Czy znasz historię katastrofy Hindenburg?
Być może nie znasz szczegółów katastrofy sterowca LZ 129 Hindenburg, ale mogłeś zobaczyć przerażający obraz powyżej, prawda? Katastrofa z udziałem samolotu miała miejsce 6 maja 1937 roku i chociaż stała się wielką kulą ognia w powietrzu, z 97 osób na pokładzie, ponad połowa cudem przeżyła!
Hindenburg w ogniuSengundo Karl Smallwood z portalu Today I Find Out, sterowiec przyleciał z Frankfurtu w Niemczech i pierwotnie był przeznaczony dla morskiej stacji lotniczej Lakehurst w New Jersey w USA. Hindenburg przewoził 61 członków załogi, 36 pasażerów i psa o imieniu Ulla, który należał do jednego z podróżnych. Podróż trwała trzy dni i minęła bez dalszych incydentów - aż sterowiec zaczął przygotowywać się do lądowania.
Wielka Hindenburg
Hindenburg był jednym z największych statków powietrznych, jakie kiedykolwiek zbudowano - o długości 245 metrów i średnicy 41 metrów - i mógł osiągać prędkość do 135 kilometrów na godzinę. Jego struktura została wykonana ze stopu metalu zwanego duraluminium pokrytego bawełnianą plandeką traktowaną tlenkiem żelaza i impregnowanym proszkiem aluminium octanem maślanem celulozy.

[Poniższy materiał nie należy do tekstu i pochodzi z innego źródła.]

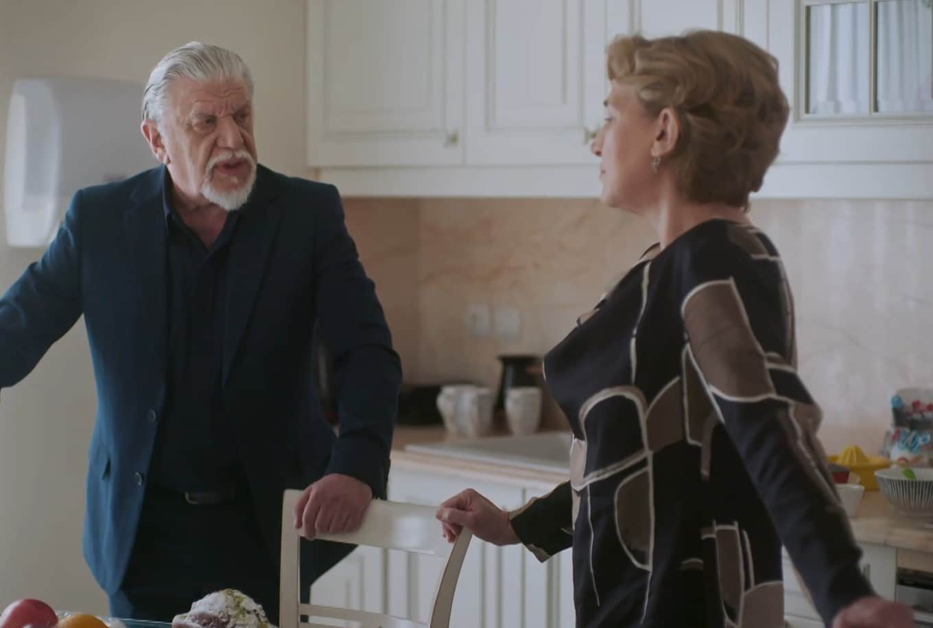 Εκεί ακολουθεί ένας άγριος καβγάς ανάμεσα σε πεθερό και νύφη. «Πήγες να σκοτώσεις τον εγγονό μου. Μην τολμήσεις να με κοροϊδέψεις και να το αρνηθείς. Μου τα είπε όλα ο Μπακύρας. Μυαλό δεν έχεις; Τι νόμιζες, ότι δεν θα το μάθαινα; Μέχρι εκεί έφτασες; Να σκοτώσεις την ερωμένη του άνδρα σου;», της φωνάζει κι εκείνη δικαιολογείται: «Δεν ήθελα να τη σκοτώσω, αλλά να την κάνω να τρομάξει και να χάσει το μωρό».
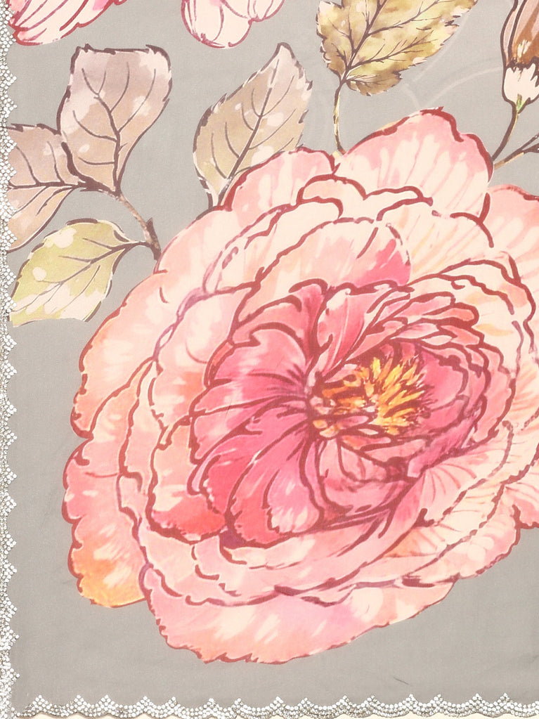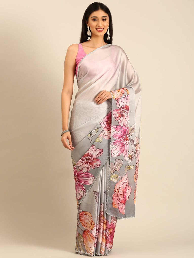 Great satin floral printed saree with Swarovski embroidery
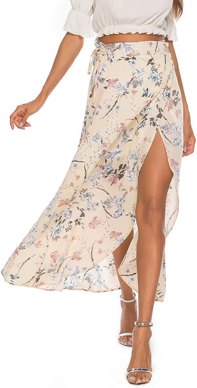 Missy Chilli Damen Lang Rocke Sommer Elegant Blumen Chiffon High Waist Boho Maxi Beach Skirt Rocke Mit Schlitz Rosa Amazo Rock Mit Schlitz Langer Rock Chiffon
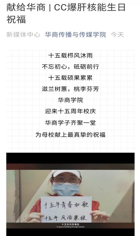 本网讯:传播与传媒学院新媒体中心B站制作祝福短片献礼华商十五华诞。为庆祝广州华商学院成立十五周年,传播与传媒学院新媒体中心各平台通力合作,拍摄并制作祝福短片,为校庆活动加油助力。祝福短片已于24日在传院新媒体中心各大平台上线。
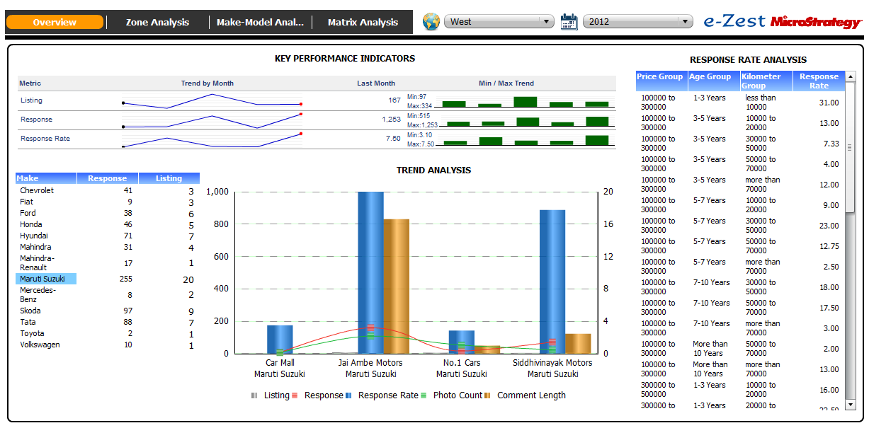 This Dashboard built using, MicroStrategy; is to measure automobile dealer performance. Trend Analysis allows you to measure dealer’s performance and can help in suggesting improvement areas. Zonal and Make/Model Analysis allows you to identify your strong and weak areas.
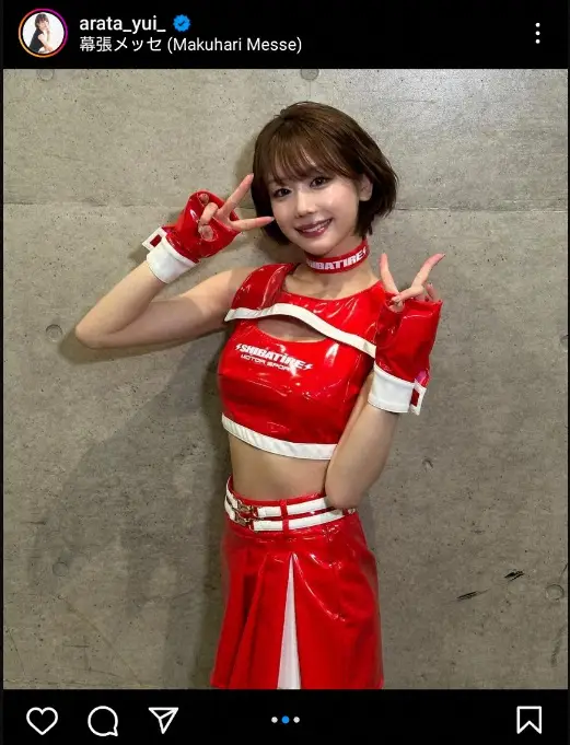 「Newコスチュームです」とつづり、東京オートサロン2024でのシバタイヤの真っ赤なミニ丈のセパレート・コスチューム姿の写真をアップした。
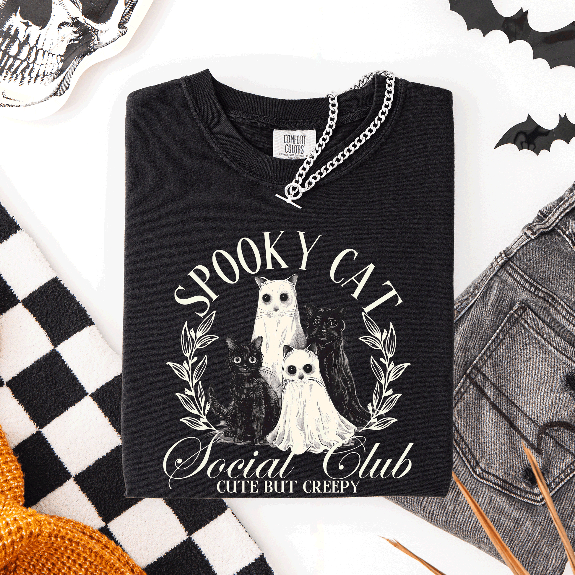 Spooky Cat Social Club, Cute, Halloween, Ghosts, Witch, Comfort Colors T-Shirt
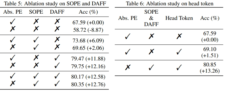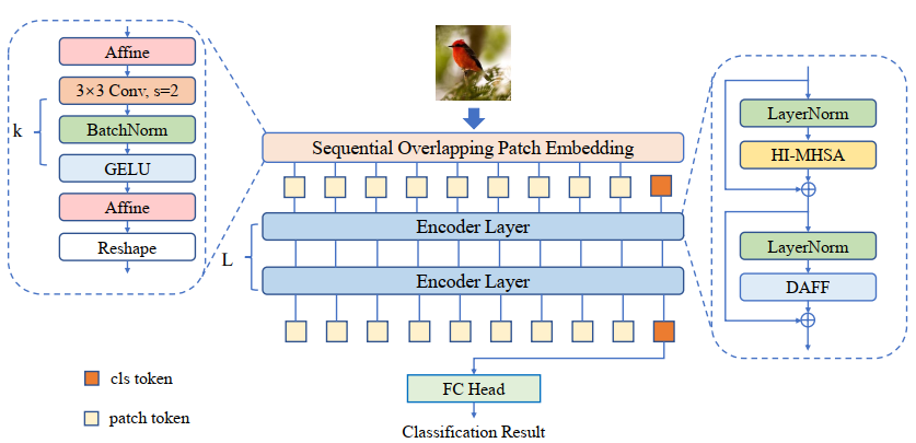 (1)算法主框架:如图1所示,本文采用的是非金字塔型的Transformer结构,并使用class token进行分类。每个编码器层包含一个头交互的多头注意力 (Head-Interacted Multi-Head Self-Attention, HI-MHSA) 以及一个动态聚合前馈神经网络 (Dynamic Aggregation Feed Forward, DAFF). 在patch embedding部分采用了连续重叠的块嵌入模块 (Sequential Overlapped Patch Embedding, SOPE)。网络将最后一层输出的class token送入到线性分类头进行最后的识别。
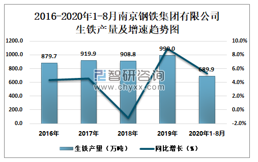 2016-2020年1-8月南京钢铁集团有限公司生铁产量及增速趋势图
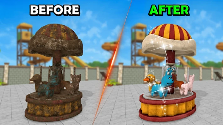 Your adventure grows with every level. Bigger slides to wash, larger swimming pool areas to manage, and more dirt challenges will test your skills. With the vibe of a power wash simulator, the depth of a manager simulator, and the creativity of a mechanic simulator, this is the ultimate mix. Experience the thrill of an aqua park game while proving you’re the master of park cleaning.

W drodzePonadto sterowiec utrzymano w powietrzu dzięki 200 000 metrów sześciennych wodoru - który nadmuchał jego wnętrze - i był napędzany czterema 1200-konnymi silnikami Mercedes-Benz, które z kolei napędzały ponad 20 stóp. wysokości i miał zasięg lotu do 16 tysięcy kilometrów. Zobacz więcej szczegółów w następującej galerii:
Problem polega na tym, że, jak wiadomo, wodór jest łatwopalnym gazem, a co gorsza, były to również materiały użyte do pokrycia zewnętrznej plandeki Hindenburga. Nikt nie wie na pewno, co spowodowało pożar sterowca, i do dziś trwa debata na temat tego, co się naprawdę wydarzyło, ale jednym z najczęściej akceptowanych wyjaśnień jest to, że pożar został wywołany przez iskrę wywołaną przez energię statyczną zgromadzoną na płótnie. z powodu tarcia z powietrzem.
Piekło w powietrzu
Według kilku świadków pierwsze oznaki, że coś było nie tak ze sterowcem, zaczęły być zauważane około 25 minut po rozpoczęciu lądowania przez Hindenburga. Według doniesień w tylnej części samolotu zaczęto dostrzegać rodzaj jasnej aury i podejrzewa się, że była to nagromadzona energia statyczna lub sam początek pożaru.
StraszneWedług świadków ogień rozprzestrzenił się szybko i całkowicie pochłonął Hindenburg w mniej niż 1 minutę. Oczywiście pasażerowie sterowca spanikowali, a niektórzy podskoczyli na śmierć. Cudem większość ocalałych czekała na opuszczenie samolotu, gdy tylko spadnie on na ziemię, aw poniższym filmie widać nawet kilka uciekających. Obejrzyj:
Ostatecznie około 60% ludzi na pokładzie Hindenburga - 62 osoby - udało się uciec żywcem. Ulla, pies, niestety nie przeżył wypadku, a także zmarł mężczyzna na ziemi.
Co ciekawe, pomimo żalów, w porównaniu z niedawnymi wypadkami w lotnictwie cywilnym, wskaźnik przeżycia w wyniku katastrofy w Hindenburgu był dość wysoki. Oznaczało to jednak koniec ery sterowców w transporcie pasażerskim i spowodowało uraz wielu ludzi przerażonych podróżą dowolnym samolotem.